We propose to conduct a detailed analysis of the financial impact of outpatient transplantation for breast cancer by comparing the total hospital and clinic costs associated with stem cell transplantation among patients receiving traditional inpatient care and those receiving the identical treatment in this innovative model of outpatient care. In addition, we will examine the financial impact on the patients and their families in the two settings to determine whether any shift in costs from insurers to patients and families is occurring. We will also compare the "quality of life" and psychological impact of treatment for the different treatment settings. If outpatient transplants are shown to reduce total costs without unduly burdening patients or their families, substantial barriers to more widespread use of this potentially life-saving therapy should be reduced.

Final Report (1999)

High-dose chemotherapy with bone marrow or stem cell transplant is a treatment option that has been recommended for women with advanced (metastatic) or high risk breast cancer. Stem cell transplant allows the use of extremely high doses of chemotherapy. Stem cells are collected, frozen and then used to rescue blood counts following high-dose chemotherapy. Unfortunately, costs associated with this type of treatment are very high which has limited the availability of this option for many women. One major source of cost has been traditional prolonged inpatient hospitalization. This study compared high-dose chemotherapy with stem cell replacement among breast cancer patients receiving treatment as inpatients (traditional) and as outpatients. Comparison between inpatient and outpatient treated women at Scripps Clinic Blood and Marrow Transplantation Program were compared for cost of treatment, psychological well being of the patient, psychological well being of the caregiver, toxicity associated with treatment and hospital readmissions.

During the study, 57 women received high-dose chemotherapy with stem cell replacement. Forty-eight (84%) agreed to participate in this study. The primary reason for not receiving treatment in the outpatient setting was unavailability of an identified caregiver. Of women who agreed to participate, 31% received treatment as inpatients and 69% received treatment as outpatients. There were no statistically significant differences between inpatient and outpatient treated groups on time to graduation (days from first date of high-dose chemotherapy to date returned to referring oncologist), toxicities, number of hospital readmissions or length of hospital readmission.
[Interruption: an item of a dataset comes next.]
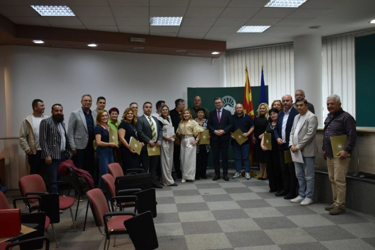 “Qëllimi ynë si Ministri është të inkurajojmë shoqatat të organizojnë sa më shumë manifestime lokale, panaire dhe festivale, ku do të promovohen produktet tona maqedonase. Krahas ushqimit, do të mund të theksohen edhe fermat e vogla, prodhuesit dhe kooperativat. Pikërisht ky lloj ngjarjesh do të nxisë edhe ekonominë vendore,” theksoi ministri gjatë ndarjes së kontratave.

Women treated as inpatients accrued mean costs that were significantly higher than those treated as outpatients (p<0.001; adjusted for age and symptom severity). On average outpatients costs were 71% less than inpatient costs. Quality of well being (QWB) was assessed for patients and caregivers before, during and after treatment completion. No differences in QWB were seen between inpatient and outpatient patients or caregivers at baseline or 60 days after treatment. Significant differences in patient QWB scores were observed during treatment with outpatients demonstrating poorer QWB scores (p< 0.001; adjusted for age, symptom severity and baseline QWB). Similar differences were not seen for caregivers. Although outpatients had poorer QWB scores, there were no differences between groups on time to graduation and the negative effects were not observed at follow-up.

Results demonstrate that this therapy, administered in an outpatient setting was associated with significant cost savings and no permanent adverse effects. The significant cost savings support widespread availability of this therapy.